From the Brain of Matty

sociopathy (24.05.07 1:52 pm)

Is it called sociopathy? When someone knows the rules, but doesn't feel them? The other evening at dinner Evan asked me what the rules are in fashion, for, like, wearing a tie the same pattern as your shirt. I know it's a faux pas, but I don't exactly know why. Fashion is easier, though; normally I can tell if something looks "good," because I like the way it looks. More abstract things like "right" and "wrong," usually I only know which category my actions fit into because I know the definitions. Like: this action is wrong, this action is right. And I can tell, when other people do them, if it's right or wrong. But somehow I just don't feel the same thing when I'm doing stuff. Some things, yeah, but I think the threshold is much, much higher.

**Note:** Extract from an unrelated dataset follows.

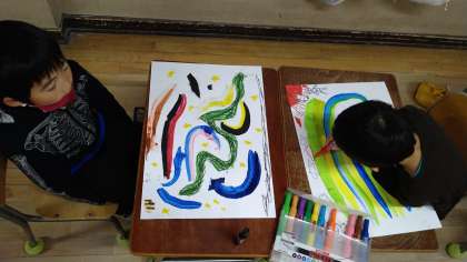 前回の学習で絵の具を虹のようにひろげた続きをしています。

I think that's why it's much easier for me to ignore what people think of me. And regret is something that happens to other people. Freud would probably have something to say about a dominant id, and an underwhelming super-ego, or something.

I do have regrets; I realise (and admit) it now. But they're selfish regrets. I know that I shouldn't have them, so I repress them. But I have them.

Oh by the way, we got accepted for the house, but immediately after, the owner decided to sell it out from under us. Which was easier than having Shell turn it down because our budget is too tight.


Holy crap! Shell wrote in her diary! I didn't know about the dreams. I think I've been having quasi-nightmares* the past few nights, but I can't remember. Asleep and awake aren't that different for me lately.

* nightmares are the ones where I wake up screaming. For me, quasi-nightmares are just ... unpleasant dreams.